WORK TASK:
Repeat exactly the lines running from the first line of the data to the line containing "URSO DE PELUCIA", both ends included, and nothing else; drop the pictures.

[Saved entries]

+===+

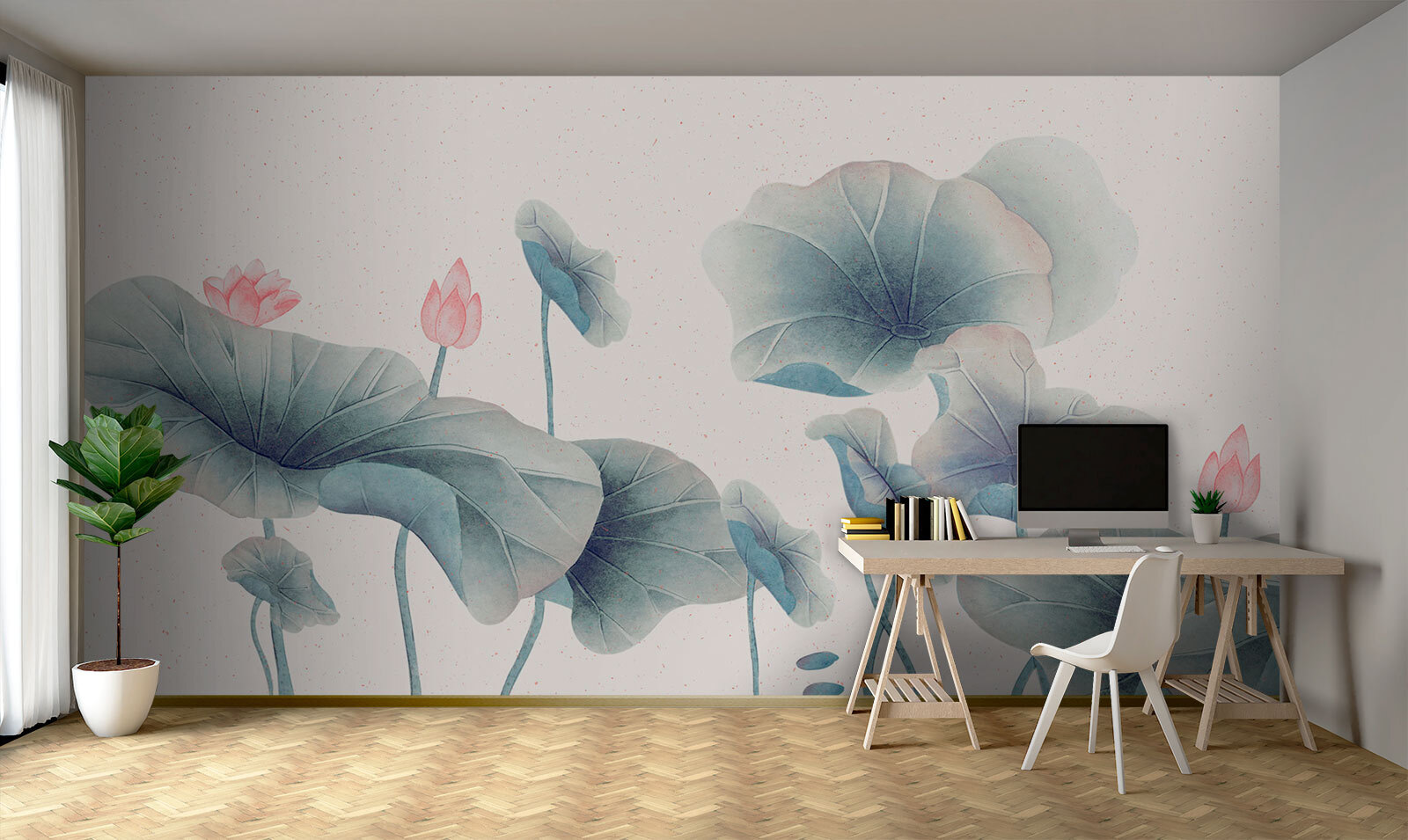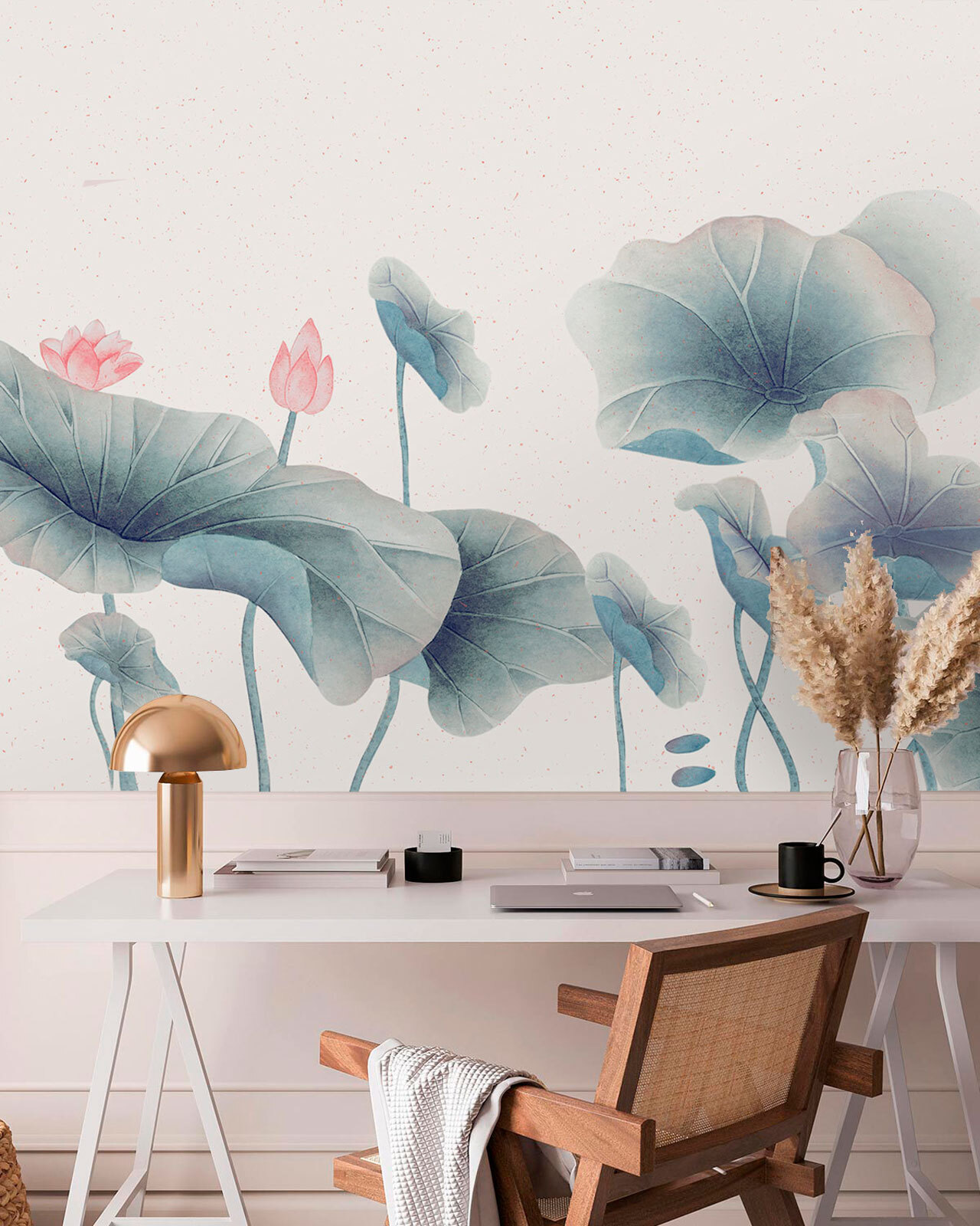 Verander elke kamer in een rustig toevluchtsoord met de muurschildering ‘Delicate Blooms in Serene Waters’. Stel je voor dat je ‘s ochtends van je koffie nipt, terwijl je geniet van de zachte tinten van aquarelbladeren en zachtroze bloesems die eruitzien alsof ze net uit een rustige vijver zijn komen drijven. Het draait allemaal om die rustige sfeer – perfect voor een gezellig leeshoekje of een dromerige slaapkamer. Krijgt u bezoek van vrienden? Ze zullen naar die muur staren en zich afvragen of ze in een chique kunstgalerie zijn beland. Echt, het is alsof de natuur uw ruimte een warme knuffel geeft. Mis deze kans niet om een beetje rust in uw huis te brengen!
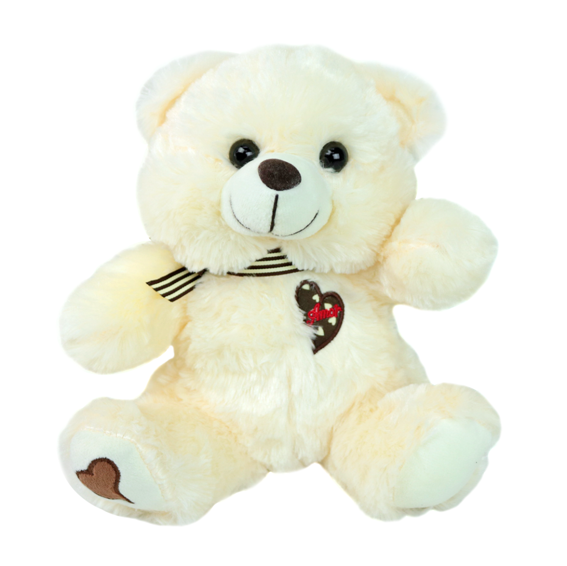 URSO DE PELUCIA DE POLIESTER COM LAÇO 25CM - FE6918-CREME
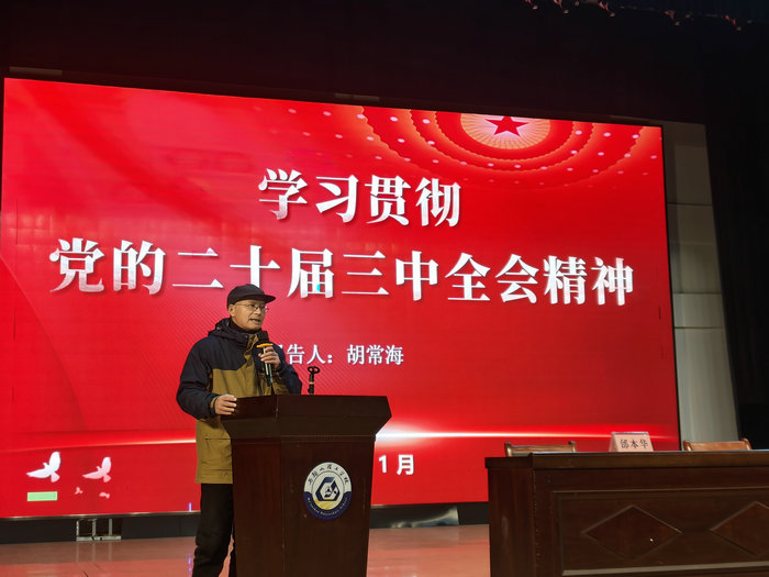 胡常海深入浅出地阐述了党的二十届三中全会精神的核心要义、精神实质和实践要求,明确了拥护“两个确立”、做到“两个维护”、增强“四个意识”、坚定“四个自信”的重大意义;殷切希望大家一定要加强交流互鉴,取长补短,埋头苦干,砥砺奋进,共同成长,努力提升自身业务能力和业务水平,凝心聚力推动学校高质量发展。
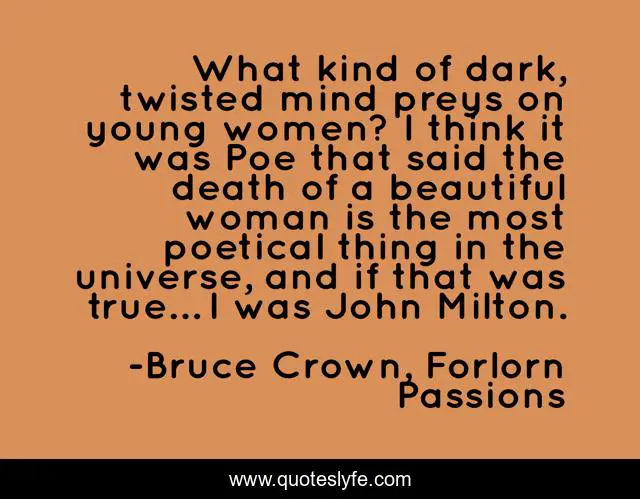 This page presents the quote "What kind of dark, twisted mind preys on young women? I think it was Poe that said the death of a beautiful woman is the most poetical thing in the universe, and if that was true… I was John Milton.". Author of this quote is Bruce Crown, Forlorn Passions. This quote is about death, john, predator, edgar, beautiful-woman, prey, allen, murder, poe,.
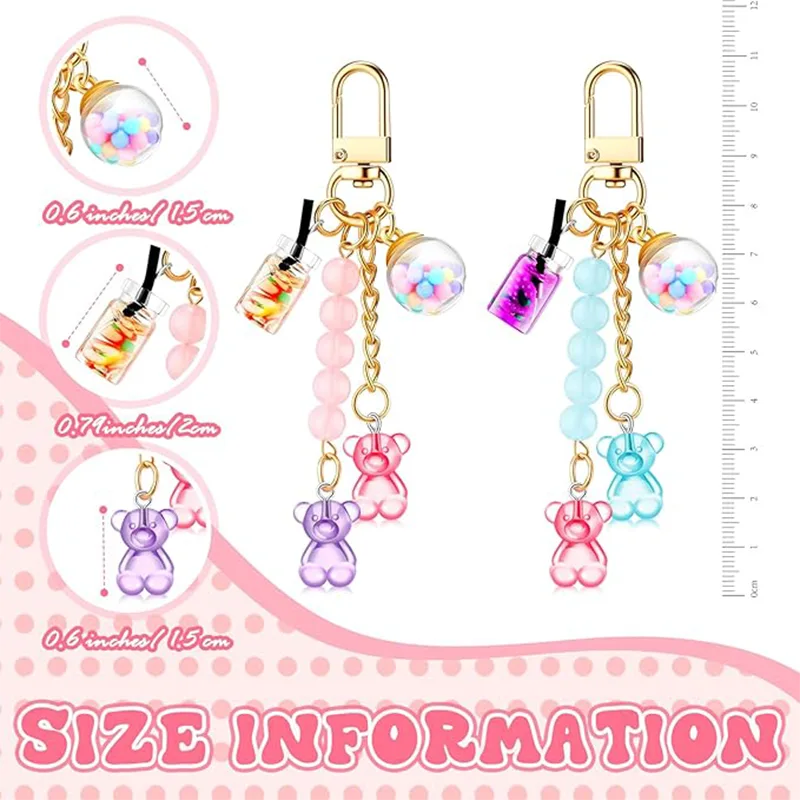 Az akril anyagú kulcstartó kis medve-medállal rendelkezik, más aranyos formákkal kombinálva, játékosan és elbűvölően néz ki, és egy pillantásra vonzza a tekintetet. Az élénk színkombináció eredendően vibrálóvá teszi a kulcstartót. A testre vagy tárgyakra akasztva könnyen a középpontba kerül, és az ember személyes ízlését is bemutathatja. Ez a 2 darabból álló készlet különböző színekben és stílusokban kapható. Kicserélhetők személyes használatra, vagy megoszthatók a legjobb barátokkal és családdal. Akár különböző táskákkal párosítva, akár apró ajándékként adjuk, mindegyik nagyon megfelelő.

+===+

RESPONSE TO THIS EXERCISE:
 Verander elke kamer in een rustig toevluchtsoord met de muurschildering ‘Delicate Blooms in Serene Waters’. Stel je voor dat je ‘s ochtends van je koffie nipt, terwijl je geniet van de zachte tinten van aquarelbladeren en zachtroze bloesems die eruitzien alsof ze net uit een rustige vijver zijn komen drijven. Het draait allemaal om die rustige sfeer – perfect voor een gezellig leeshoekje of een dromerige slaapkamer. Krijgt u bezoek van vrienden? Ze zullen naar die muur staren en zich afvragen of ze in een chique kunstgalerie zijn beland. Echt, het is alsof de natuur uw ruimte een warme knuffel geeft. Mis deze kans niet om een beetje rust in uw huis te brengen!
 URSO DE PELUCIA DE POLIESTER COM LAÇO 25CM - FE6918-CREME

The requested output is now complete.